Please read http://aspell.net/buffer-overread-ucs.txt (and the
original announcement in
https://lists.gnu.org/archive/html/aspell-announce/2019-08/msg0.html)
for details and check if your package is affected. That file and new
aspell manual, contain information about what to do if that happens.

I would like to leave aspell package in experimental for one week to
allow possibly affected packages to be checked and fixed if
appropriate. Since there is no longer a dict-common-dev mailing list,
please use this bug report to notify if your package is affected and
if you need more time before new aspell with that fix is uploaded to
sid. If you need additional help, please contact the aspell-devel
mailing list (https://lists.gnu.org/mailman/listinfo/aspell-devel).

Regards,



Re: Bug#935128: aspell: potentially unbounded buffer over-read in GNU Aspell 0.60.*

2019-08-29 Thread Agustin Martin
On Wed, Aug 28, 2019 at 07:32:35PM -0400, Kevin Atkinson wrote:
> On Thu, 29 Aug 2019, Agustin Martin wrote:
> 
> > This message is sent to all packages that depend in some way on
> > libaspell15 (pdo addresses bcc'ed)
> > 
> > A potentially unbounded buffer over-read has been found in in GNU
> > Aspell 0.60.*. Package aspell 0.60.7-1 has been uploaded to Debian
> > experimental, including upstream patch to deal with this problem.
> 
> It looks like you just applied the patches from Git.  This will not work
> with a release as Aspell uses a lot of generated source files which are not
> checked into git.  You need to run 'maintainer/autogen' to update them after
> applying the patch. Assuming the normal Debian build process rebuilds the
> automake/conf related bits then you can likely get away with just doing a:
> 
>   cd auto/
>   perl -I ./ mk-src.pl
>   perl -I ./ mk-doc.pl
>   touch auto
>   cd ..

Thanks a lot for the info, 

aspell 0.60.7-2 just uploaded to Debian experimental.
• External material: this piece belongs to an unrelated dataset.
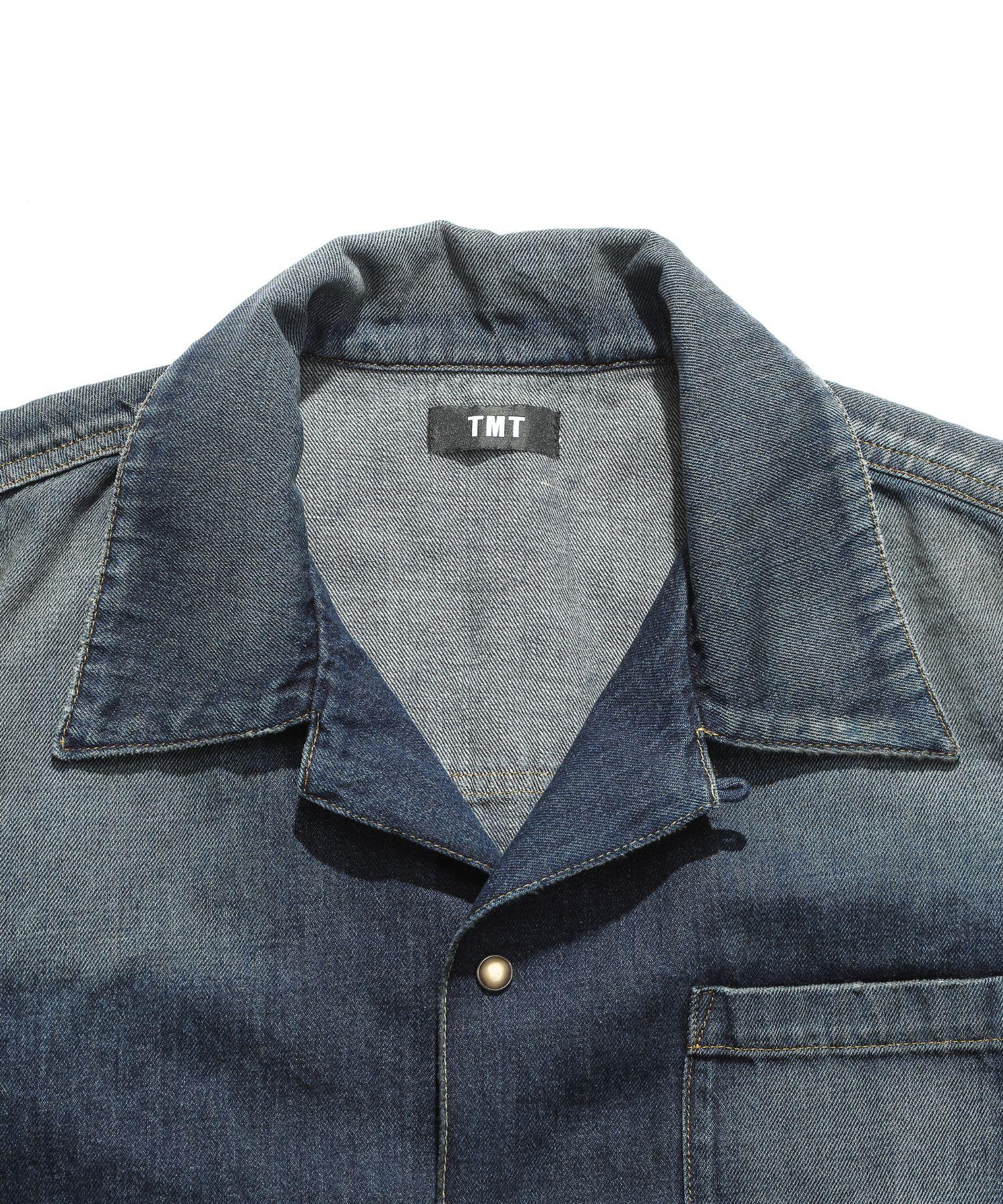 10OZのカイハラデニムを使用し、TMTが得意とするデニム生地を岡山の職人にリアルな加工に仕上げてもらいました。シルエットは大き過ぎず、タイト過ぎないジャストサイズに。肩、脇線には巻き縫いの表チェーン使いを採用しています。

Build for the
different arches should start soon.

> There are some tests in test/.  There not very expensive and will make sure
> that that Aspell is correctly patched with the new interface intended for
> working with wide-characters  You should be able to run the tests by doing a
> 
>   make -C test

Unfortunately, this seems to need more that just the two git patches to work
with plain 0.60.7 (only part of test/ is created), like an updated test dir,
the aspell filter command and some new filters. Will try to extract the
relevant patches and try.

Regards,

-- 
Agustin



Re: Bug#935128: Packages potentially affected by unbounded buffer over-read in GNU Aspell 0.60.*

2019-08-30 Thread Agustin Martin
On Thu, Aug 29, 2019 at 12:20:28AM +0200, Agustin Martin wrote:
> On Mon, Aug 19, 2019 at 04:33:40PM -0400, Kevin Atkinson wrote:
> > On Mon, 19 Aug 2019, Salvatore Bonaccorso wrote:
> >
> > > See 
> > > https://lists.gnu.org/archive/html/aspell-announce/2019-08/msg0.html
> >
> > > Within Debian the "pumpa" will need an update. Others might be
> > > required as well. Kevin Atkinson might be up for help if needed.
> > Also see http://aspell.net/buffer-overread-ucs.txt for a slightly improved
> > version of the announcement that I edited for clarity.
> 
> Hi all,
> 
> This message is sent to all packages that depend in some way on
> libaspell15 (pdo addresses bcc'ed)
> 
> A potentially unbounded buffer over-read has been found in in GNU
> Aspell 0.60.*. Package aspell 0.60.7-1 has been uploaded to Debian
> experimental, including upstream patch to deal with this problem.
> 
> Unfortunately this fix may break applications that use null-terminated
> UCS-2 or UCS-4 strings with the C API.  These applications will need
> to be fixed to make use of the new more secure API in order to
> continue to have a functional spell checker.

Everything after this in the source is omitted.